Concretely, GitHub workflow files are moved out of feature bundles and into new GitHub-specific overlay bundles:

  • github-tests: CI/CodeQL/weekly workflows for the tests feature
  • github-book: book publishing workflow for the book feature
  • github-marimo: Marimo notebook workflow for the marimo feature
  • github-docker: Docker build and publish workflow for the docker feature
  • github-devcontainer: DevContainer publish workflow for the devcontainer feature

These overlay bundles have standalone: false and requires: the corresponding feature bundle and the github bundle.

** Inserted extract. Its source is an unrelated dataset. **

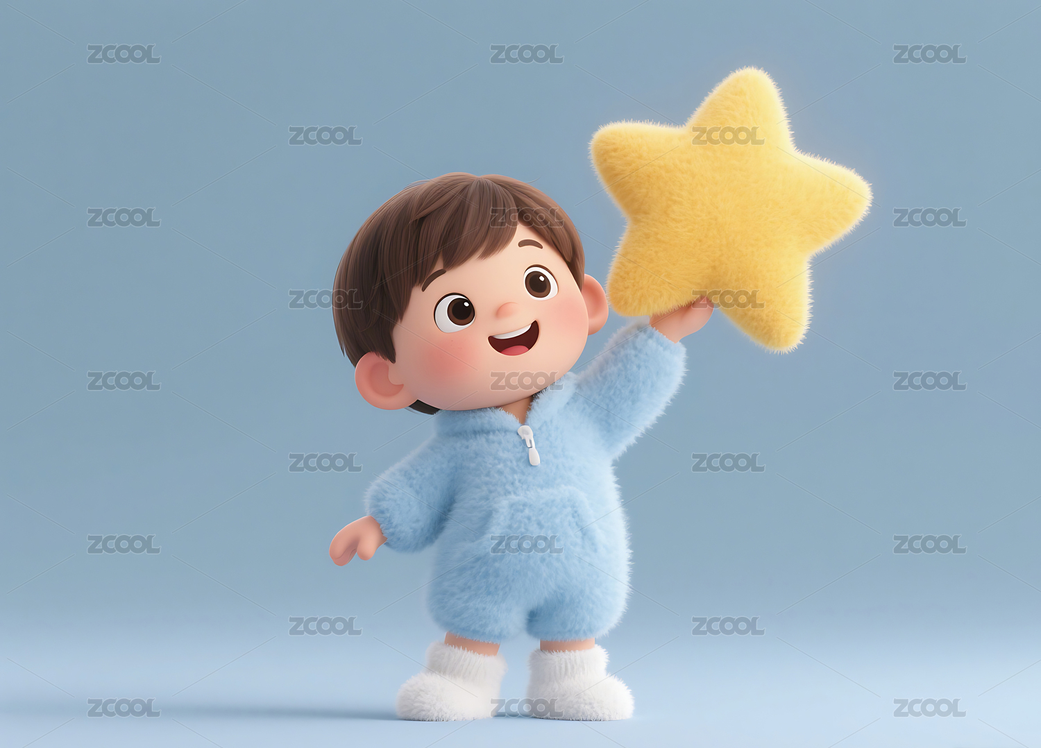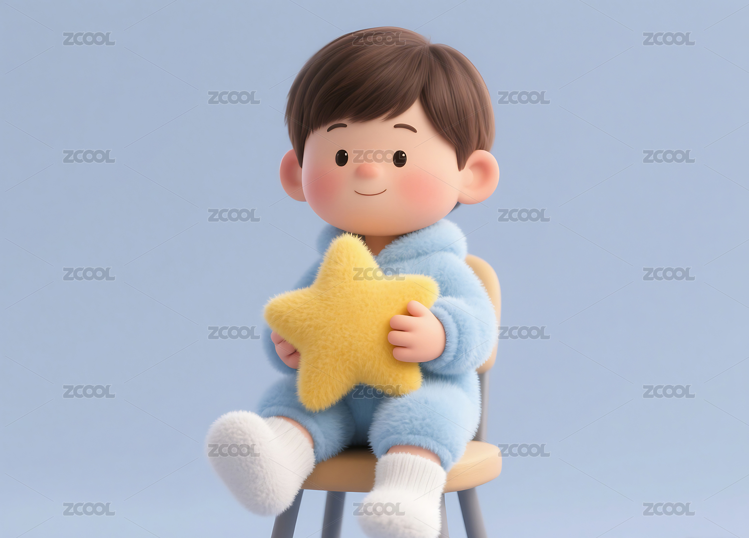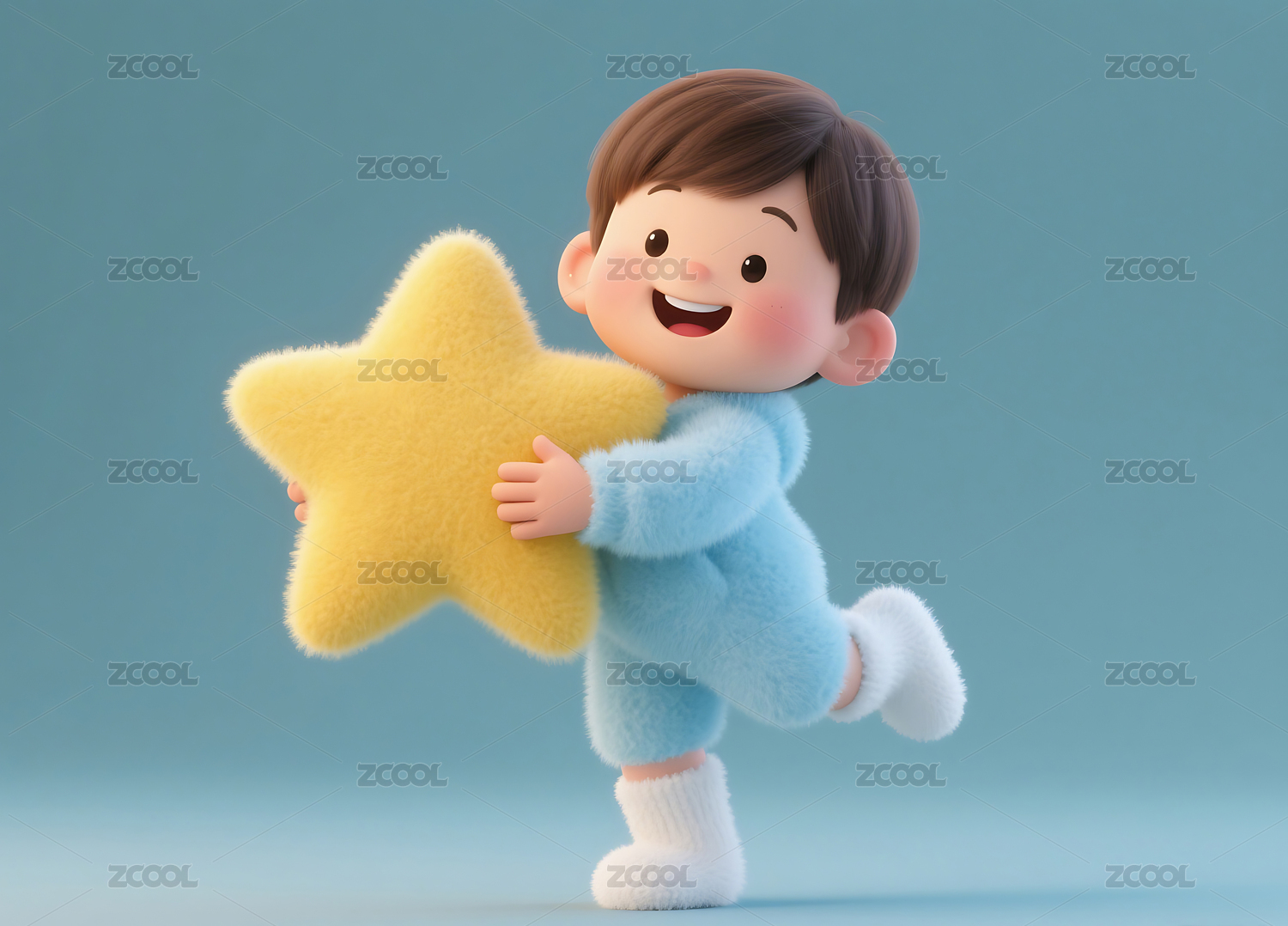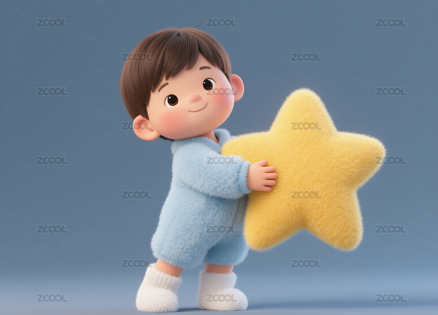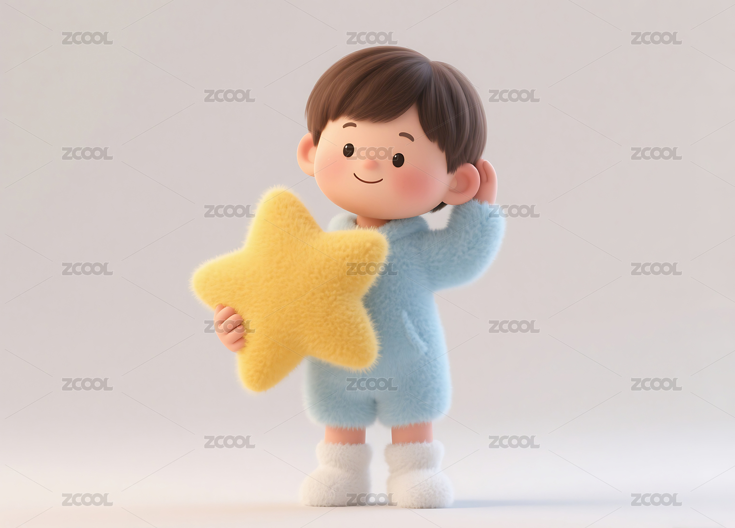 3D羊毛毡毛绒绒风格小男孩抱着星星模型

The existing github bundle keeps base GitHub repository automation: the sync and release workflows, dependabot.yml, issue and discussion templates, and secret scanning.

Layer 2: Profiles (new)

A new top-level profiles: section in template-bundles.yml defines named presets that expand to a set of bundles.

Rules:

  • profiles do not own files directly
  • profiles reference bundles only, not raw file paths
  • profiles represent stable, tested user intents rather than every possible combination
  • selecting a profile is equivalent to selecting all its constituent bundles
  • users may combine profile selection with additional manual bundle selection

Initial profiles:

  • local: local-first development with no hosted workflow files
  • github-project: GitHub-hosted project with CI/CD and release automation
  • gitlab-project: GitLab-hosted project with GitLab CI pipelines

Config

Downstream projects will be able to express profile selection in .rhiza/template.yml:

repository: Jebel-Quant/rhiza
ref: v0.9.0

profiles:
  - local

templates:
  - presentation    # any extra bundles beyond the profile

rhiza-cli is responsible for expanding profiles to bundles, merging manual bundle selections, deduplicating, and validating the result. The CLI implementation is a separate concern; this ADR covers the template repository structure and metadata.

Consequences

Positive

  • Clean local mode: Selecting the local profile installs no .github/workflows/* files. Projects that do not use GitHub Actions get exactly what they need.
  • Explicit platform separation: It is now clear which files belong to the feature and which belong to its GitHub automation. Bundle names reflect this — tests is the feature; github-tests is the GitHub automation layer for that feature.
  • Better onboarding: Profiles give rhiza init a recommended starting path without forcing users to understand every bundle upfront.
  • Composable: Power users retain full control by selecting individual bundles. Profiles are an addition, not a replacement.
  • GitLab parity: The split makes it straightforward to produce matching gitlab-tests, gitlab-book, and similar overlay bundles for GitLab CI in a follow-on step, without restructuring feature bundles again.

Neutral

  • More bundles: The total bundle count increases as each feature bundle gets one or more platform overlay siblings. The template-bundles.yml file grows. The existing automated structure tests mitigate risk.
  • Migration for existing consumers: Downstream projects using bundles such as tests today will need to explicitly add github-tests if they want the CI workflows. The github-project profile bundles both, so profile users are unaffected.

Negative

  • CLI changes required: Profiles are defined in the template repository, but consumed by rhiza-cli. Until the CLI supports the profiles: key in .rhiza/template.yml, users can approximate local mode by selecting only local bundles manually, or the CLI can expand profiles at init time and write the resulting bundle list.
  • Profile maintenance overhead: Profiles must be kept current as bundles are added or renamed. Automated tests enforce that every bundle referenced in a profile exists.